Applying market theory to labor/employer relations, says that wages should
tend to go up, if the demand (job openings) for a particular kind of labor
exceeds the supply (pool of people who can & will do those jobs). But talking
about how labor gets _priced_ by markets doesn't explain anything about why
governments choose the minimum wage (if any) that they do. Minimum wage is an
explicitly moral consideration where we compel the demand side to observe a
floor on the price of your time.

> If everyone could do it, and there were no demand, the value would be low.

That just muddles the separate mechanisms. If everyone has the skill for a
job, the potential labor pool is as large as it possibly can be, so _supply_
pressure is naturally higher. You are correct to say that _demand_ pressure is
what then drives a negotiated wage. But that's just table stakes to understand
what an economy is actually composed of. Does this region have a highly
skilled workforce, with demand outpacing the supply of workers, thus driving
wages up? Congratulations! This means your region has a proportionally lower
supply of low skilled workers, which creates upward market pressure on wages.
Using the lens of supply and demand means you now need to look for
explanations when the demand for unskilled labor doesn't go down, which is
what it would take to keep wages constant.

And the _value_ a supplier (worker) assigns to their own time? Demand pressure
only indirectly influences a person's perception of value. People get born
into a variety of different financial circumstances that alter their
negotiating position.

> A quick way to check this is to look at expensive college programs where
> people come out making much less than the cost of their education. If you
> were correct, then such situation would not occur.
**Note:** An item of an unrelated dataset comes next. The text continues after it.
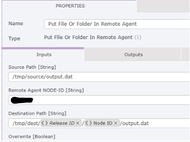 In above example, the agents are copying the file /tmp/source/output.dat to the same remote agent into /tmp/dest/<releaseID>/output.dat

As respectfully as possible: this is nonsense. There are all sorts of
externalities involved in paying for an education that would never be captured
by the labor market model. If somebody is paying a lot of money to develop
some skill that has low ROI in the labor market, the only thing that signals
is that the person getting the "useless" degree must value having that skill
for non-monetary reasons. This kind of thing is always a problem when talking
about economics as the science of rational agents. Even if the market demand
for a particular skill is zero, some people will use money to develop that
skill anyway. This observed fact does not remotely invalidate anything I've
said.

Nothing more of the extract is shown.